_DATA_
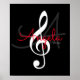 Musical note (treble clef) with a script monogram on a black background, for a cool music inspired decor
==
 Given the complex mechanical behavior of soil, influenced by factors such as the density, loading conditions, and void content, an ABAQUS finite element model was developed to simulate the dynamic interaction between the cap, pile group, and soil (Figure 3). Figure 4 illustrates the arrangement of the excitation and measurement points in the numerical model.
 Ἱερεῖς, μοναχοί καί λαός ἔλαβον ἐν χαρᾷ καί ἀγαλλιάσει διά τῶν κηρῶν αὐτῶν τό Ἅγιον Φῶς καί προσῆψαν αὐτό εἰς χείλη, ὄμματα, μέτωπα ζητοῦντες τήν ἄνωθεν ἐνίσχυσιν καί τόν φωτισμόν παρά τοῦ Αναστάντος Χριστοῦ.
...
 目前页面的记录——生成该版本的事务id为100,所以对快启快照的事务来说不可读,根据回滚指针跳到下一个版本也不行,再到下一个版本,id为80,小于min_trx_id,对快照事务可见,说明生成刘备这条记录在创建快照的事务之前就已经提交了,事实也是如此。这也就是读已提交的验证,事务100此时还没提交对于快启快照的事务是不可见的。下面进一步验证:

_HOW TO COMPLETE THIS TASK_
Above are the entries. Copy exactly the part that opens with the line containing "Given the complex" and closes with the line containing "Ἱερεῖς, μοναχοί καί", and no more.

_WRITTEN ANSWER_
 Given the complex mechanical behavior of soil, influenced by factors such as the density, loading conditions, and void content, an ABAQUS finite element model was developed to simulate the dynamic interaction between the cap, pile group, and soil (Figure 3). Figure 4 illustrates the arrangement of the excitation and measurement points in the numerical model.
 Ἱερεῖς, μοναχοί καί λαός ἔλαβον ἐν χαρᾷ καί ἀγαλλιάσει διά τῶν κηρῶν αὐτῶν τό Ἅγιον Φῶς καί προσῆψαν αὐτό εἰς χείλη, ὄμματα, μέτωπα ζητοῦντες τήν ἄνωθεν ἐνίσχυσιν καί τόν φωτισμόν παρά τοῦ Αναστάντος Χριστοῦ.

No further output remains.